Got that? The House should pass a budget, the Senate should pass a budget, and then the two chambers should head to conference to work out the differences between the two budgets — all of it out in the open. No more of these backroom negotiations. Let Congress work as Congress was intended to work.
Regular order has achieved a totemic significance on the right. Bringing it back by forcing Senate Democrats to pass a budget was, in fact, the lure that House Speaker John Boehner and House Budget Committee Chairman Paul Ryan used to convince their colleagues to raise the debt ceiling.
“The good news is that we now have a vehicle for regular order,” Ryan exulted in March. “Democrats derailed the budget process when they gave up governing a few years ago. Nearly four years without a budget. We brought them back in the game this spring. That is a good thing.”
But a funny thing happened after Senate Democrats passed their budget: House Republicans, it seemed, weren’t that eager to move to regular order after all. There’s been no evident interest in the next move, which is appointing conferees to begin reconciling the two budgets. “It seems to us they want to slow this down, keep it in the back rooms, keep it quiet, because there's no advantage to them in having a formal public process,” said one Democratic aide.
In fact, Republicans see a disadvantage in a formal public process. “If you appoint conferees and after 20 legislative days there's no agreement, the minority has the right to offer motions to instruct, which become politically motivated bombs that show up on the House floor," Boehner told reporters.
Senate Democrats don’t find this a very convincing excuse: They note that they had to vote on dozens of Republican amendments – many of which were designed to embarrass them.
House Republicans instead want a private agreement — a “framework” — that would direct the conference committee as they attempt to reconcile the budgets. “What we want to do is have constructive dialogues to find out where the common ground is and go to conference when we have a realistic chance of coming out with an agreement,” Ryan told reporters.

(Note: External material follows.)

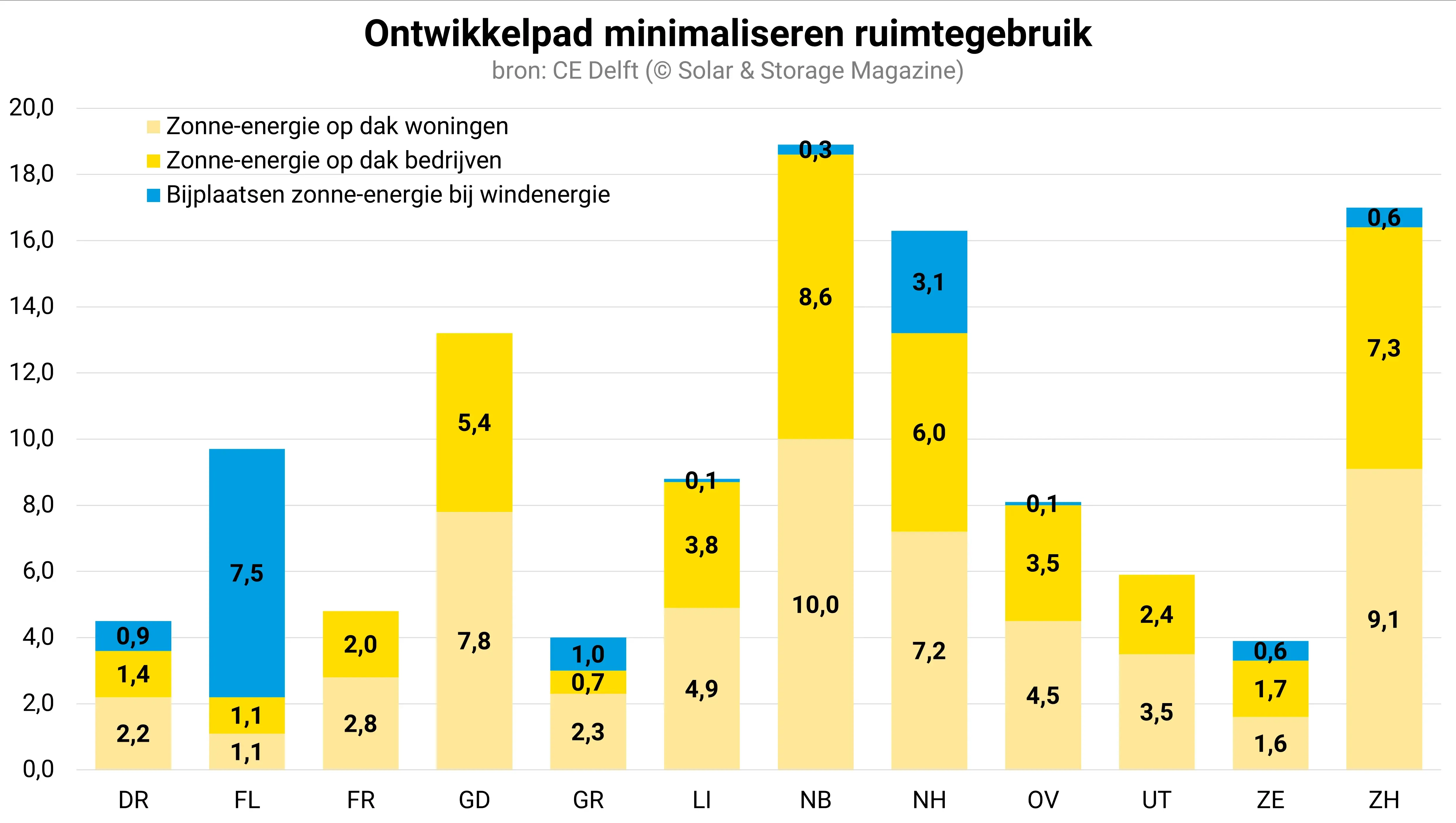 Bij het ontwikkelpad ‘Minimaliseren ruimtegebruik’ worden de meeste zonnepanelen gerealiseerd in de provincies met de meeste inwoners: Gelderland, Noord-Brabant, Noord-Holland en Zuid-Holland.

There’s precedent for this sort of thing. But it’s not what’s traditionally meant by “regular order.” Rather, it’s a return to the precise kind of backroom, leadership-driven dealmaking Republicans have spent so much time assailing.
And Senate Democrats aren’t having it. After years of Republicans complaining about secret deals and hammering Senate Democrats for betraying regular order, they’re calling the GOP’s bluff. That’s why Reid intends to move towards conference this morning. Either Republicans will agree, and regular order will proceed — which will likely mean no deal, and which will then give House Democrats a chance to throw their bombs — or Senate Republicans will filibuster, and that will be the end of the regular order talking point.
But that’s all political theatre. However it works out, the point is more than proven. What’s holding up a budget deal isn’t disagreements over the process. It’s disagreements over the budget.